Vorsicht vor Betrügereien über Facebook

Aber auch die derzeit hohe Spendenbereitschaft vieler Bürger soll gezielt ausgenutzt werden. So ermittelt das Kriminalkommissariat 55 der Polizei Köln aktuell in einem Fall, bei dem zunächst das auf Facebook veröffentlichte Foto einer durch das Hochwasser zerstörten Wohnung kopiert wurde. Die Tatverdächtigen nutzten das Foto dann, um damit in einem separaten Beitrag einen Spendenaufruf zu veröffentlichen. Ob diesem jemand gefolgt ist, wird derzeit ermittelt. Das Posting wurde zwischenzeitlich gelöscht.

Obacht beim Spenden

Die Polizei mahnt daher zu mehr Aufmerksamkeit und Sensibilisierung im Umgang mit Online-Shops und dort feilgebotenen Waren zur Bewältigung der Flutschäden.
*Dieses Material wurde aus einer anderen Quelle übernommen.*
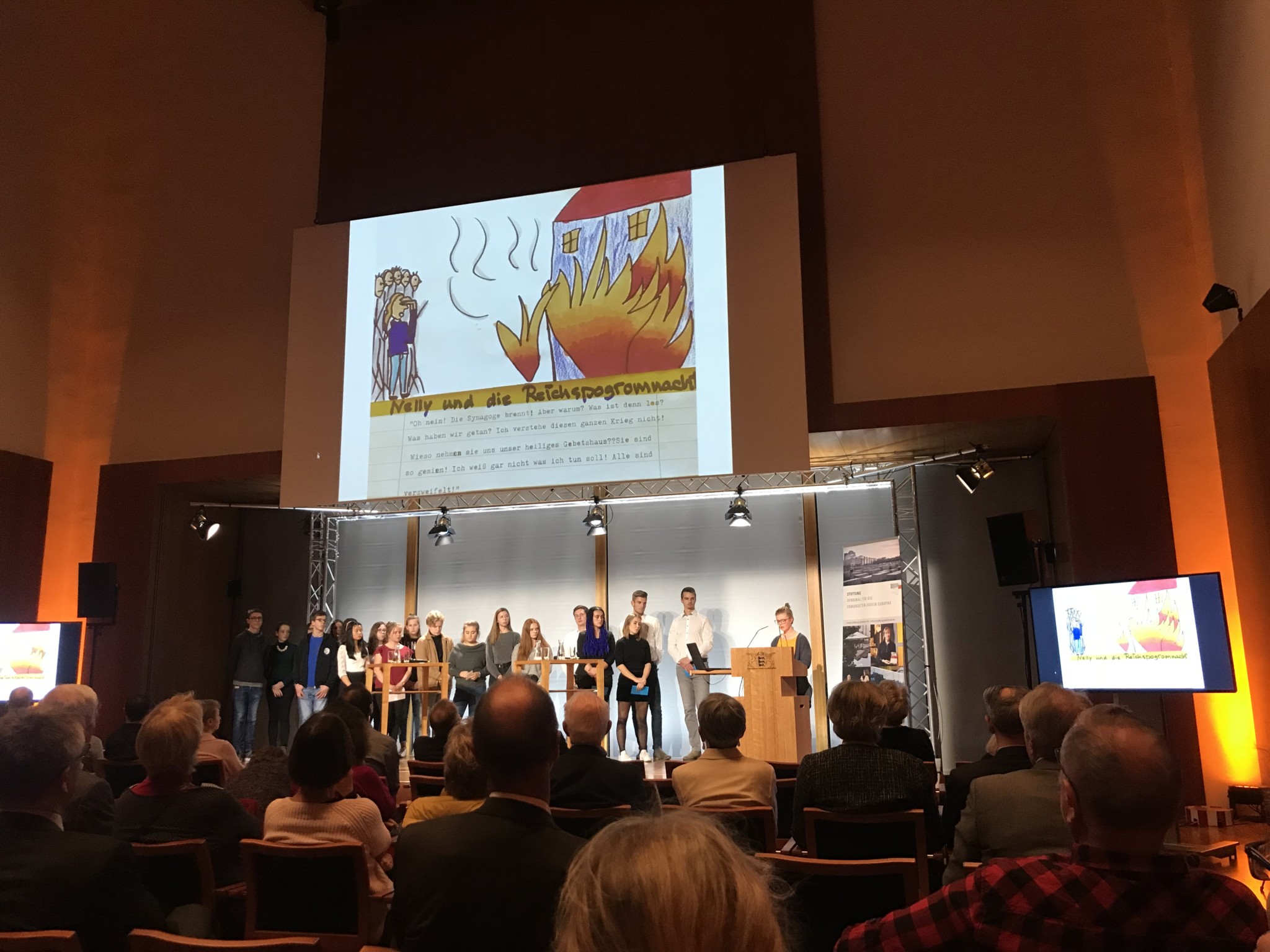 Die Landesvertretung Baden Württemberg lud am 6. November 2018 zusammen mit der Stiftung Denkmal für die ermordeten Juden Europas baden-württembergische Teilnehmerinnen und Teilnehmer, des von der Zentrale für Unterrichtsmedien im Internet (ZUM e.V.) bundesweit ausgeschriebenen Schülerwettbewerbs** »80 Jahre Reichspogromnacht – Was wurde aus den niedergebrannten Synagogen in Deutschland?« ein, ihre Beiträge und Rechercheergebnisse in Berlin der Öffentlichkeit zu präsentieren.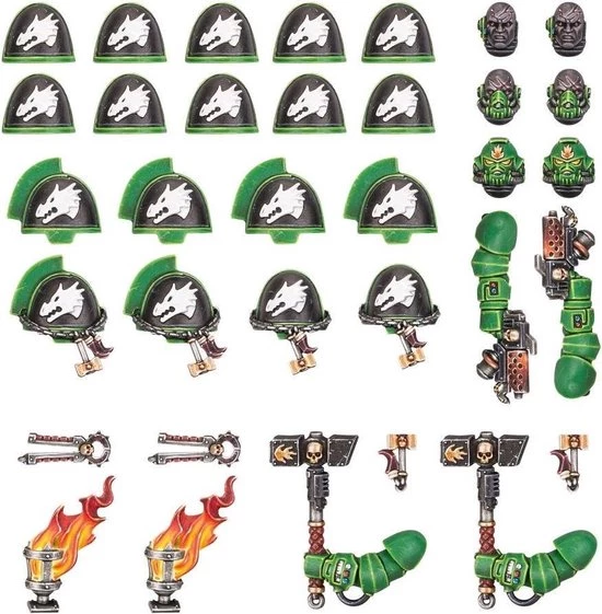 – 5x Salamanders Mk X power armour shoulder pads (designed for use with Hellblasters/Intercessors)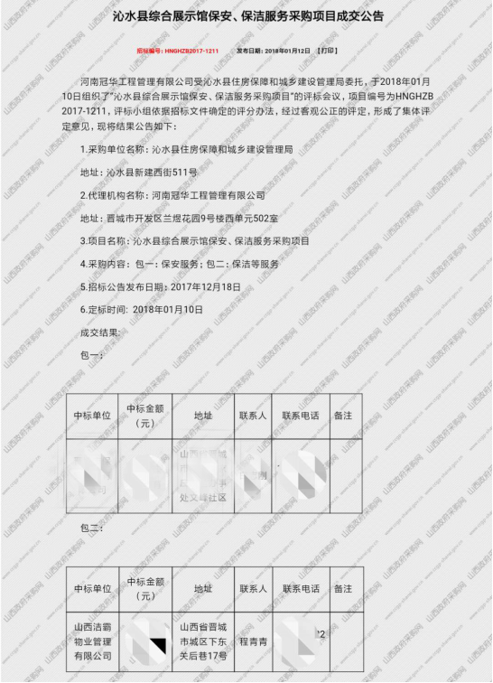 (2)沁水縣綜合展示館保安、保潔服務采購項目成交公告
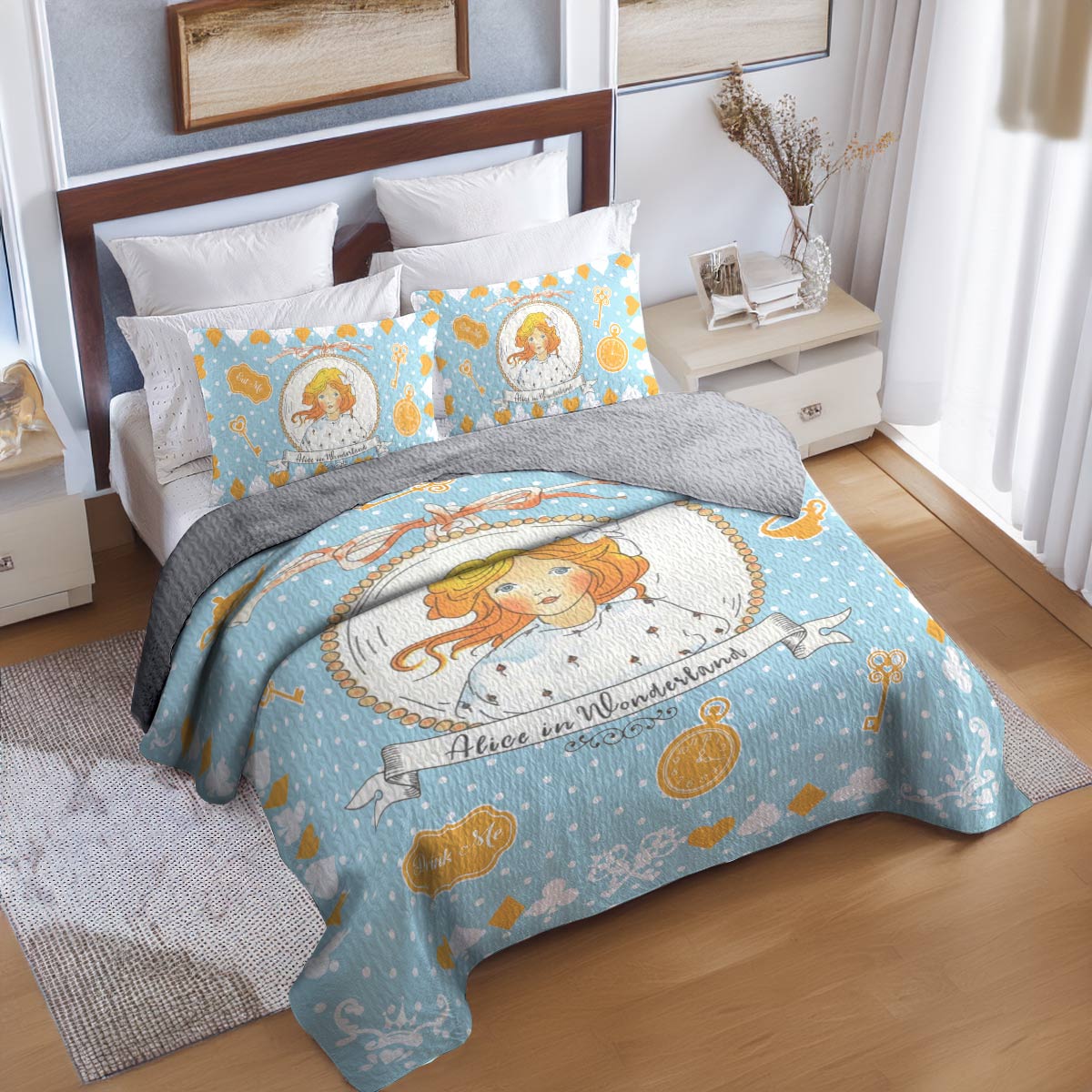 Transform your bedroom into a serene sanctuary with The Shineful Quilt Set. The rich, vibrant colors and unique artworks breathe new life into your space, while adding a touch of personality and timeless elegance. Crafted with attention to detail, each piece invites you to relax in style. This quilt set is more than just bedding—it’s a statement of comfort and sophistication. Let it elevate your bedroom and enhance every moment of rest

Da die Täter aus dem Ausland agieren, ist das Löschen solcher Fake-Shops oft umständlich und langwierig, unterstreicht die Polizei in Rheinland-Pfalz. Die Betrüger können daher über Wochen hinweg ahnungslose Online-Einkäufer um ihr Geld bringen. Auch beim Spenden sei Obacht geboten.